» **INSTRUCTIONS FOR THE TASK**
From the line that contains "Utilizar un remache" down to the final line of the listing below, set down every line exactly, both ends included, and drop the pictures.

» **SOURCE MATERIAL**

_ _ _ _

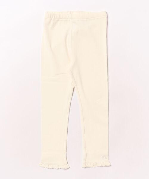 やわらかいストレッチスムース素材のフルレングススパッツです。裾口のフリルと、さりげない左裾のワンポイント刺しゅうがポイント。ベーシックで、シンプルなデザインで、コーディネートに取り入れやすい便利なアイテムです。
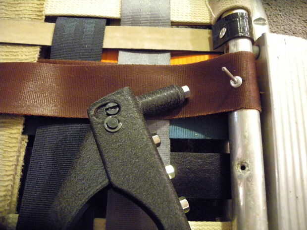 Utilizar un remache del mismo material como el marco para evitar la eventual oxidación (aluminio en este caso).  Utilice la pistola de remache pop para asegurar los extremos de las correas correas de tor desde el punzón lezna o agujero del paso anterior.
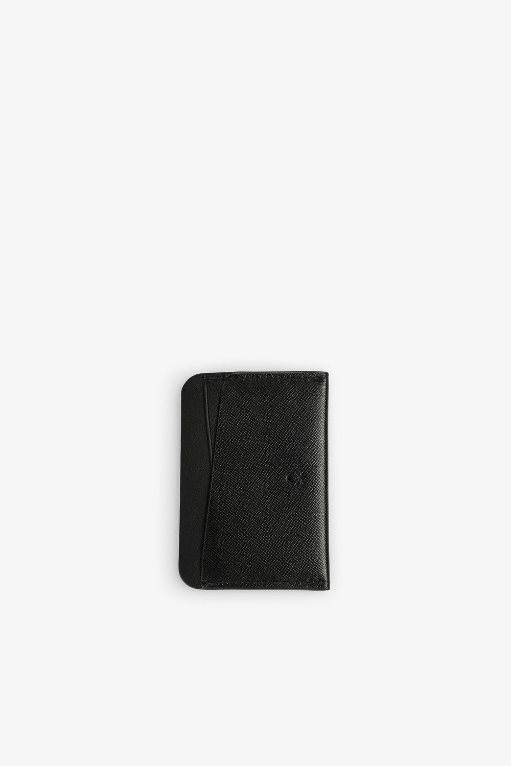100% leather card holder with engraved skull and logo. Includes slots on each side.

_ _ _ _

» **OUTPUT FOR THIS TASK**
 Utilizar un remache del mismo material como el marco para evitar la eventual oxidación (aluminio en este caso).  Utilice la pistola de remache pop para asegurar los extremos de las correas correas de tor desde el punzón lezna o agujero del paso anterior.
100% leather card holder with engraved skull and logo. Includes slots on each side.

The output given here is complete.